I agree that Trek is best when it’s character-driven, and it is at its absolute best when the command crew is composed of a small number of clashing personalities. The Bones-Kirk-Spock power trio is practically Id-Ego-Superego in that order. Work with that. Do something to ensure a good portion of the conflict is thoughtful discussion among people who all want what’s best but who have different ideas of what the best is. That is a very humanistic, optimistic way to introduce conflict into a story, and optimism and humanism are what Trek should be about.

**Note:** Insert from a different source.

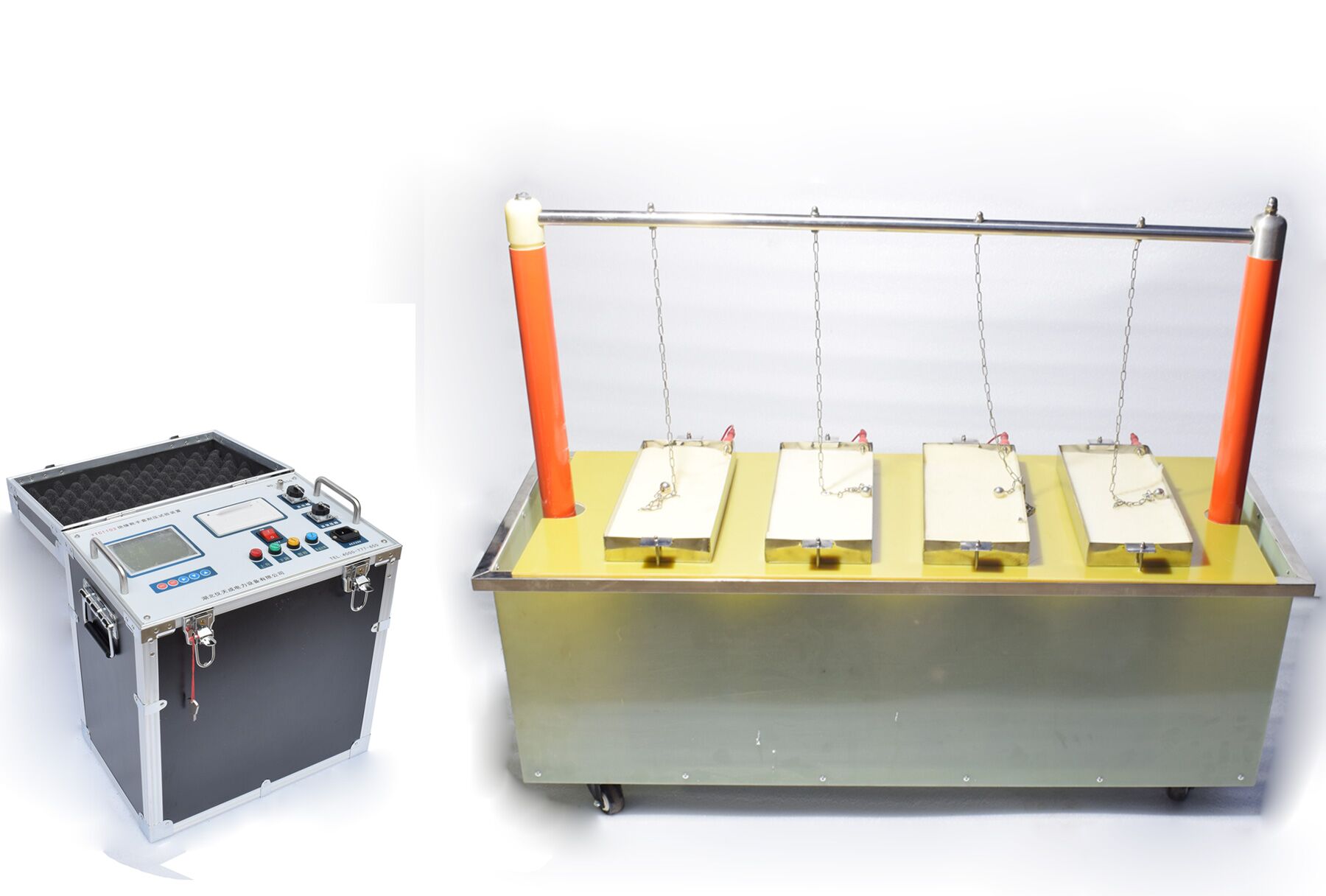 1. 絕緣靴(手套)試驗車,試驗車由:移動托架;盛水水槽;電極桿支撐等組成;
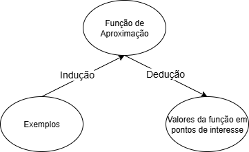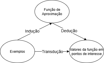 Para entender o aprendizado transdutivo, é necessário antes entender a diferença entre dedução e indução como formas de inferência, e como essas são usadas dentro do aprendizado supervisionado (ver (Russell; Norvig, 2009)). Na indução, uma relação (em geral, uma função) entre variáveis é derivada a partir dos próprios dados (Vapnik, 2000). Assim, ao vermos, por exemplo, determinados valores para um conjunto de variáveis \(\{X_1, \ldots, X_n\}\) em conjunção com determinados valores para uma variável \(Y\), induzimos uma relação \(\hat{Y} = f(X_1, \ldots, X_n)\) entre elas1, conforme ilustra a Figura 17.2.

Similarly, make the outside antagonists into beings to be understood and reasoned with to the greatest extent possible. Sometimes, it won’t be, but that should be a decision of last resort. You know what the most Trek of the TOS episodes was? “The Devil in the Dark”. It was more of a mystery than a fist-fight, even though there was fighting, and, in the end, the solution was reason and reconciliation instead of blowing up an evil computer. If you want to solve problems with bombs more than words, go write for Star Wars. Having the crew figure out natural anomalies is also a good structure: Man vs Nature is one of the oldest and most fertile grounds to come back to, and it fits the Intrepid Explorer concept to a tee.
Finally, give other crewmembers an existence beyond being red-shirts. Red-shirts are cheap and expendable, and turn what should be the hardest part of command into a running joke. If the death didn’t mean anything, it damned well shouldn’t have happened. If you want cheap deaths, I’m sure some slasher reboot is hiring. It shouldn’t be Game Of Thrones, because that’s tonally wrong, but space exploration is dangerous, people are at risk of death, and the lower-ranking crewmembers will be at the greatest risk because they, get this, do more exploring. The better actors, the ones in the command crew, are best used for arguments about what to do about an away team in serious trouble. Leading from the front is noble, but there’s real drama to be mined from malfunctioning communicators and a team that’s suddenly out of reach. Besides, having the main trio do literally everything was a cost-saving measure to cut down on extras, and don’t pretend otherwise.
So, yes, I really want a modernized, bigger-budget TOS, an exploration-oriented show with a lot of focus on new life and new civilizations, and relatively less on combat with established enemies or pure political maneuvering.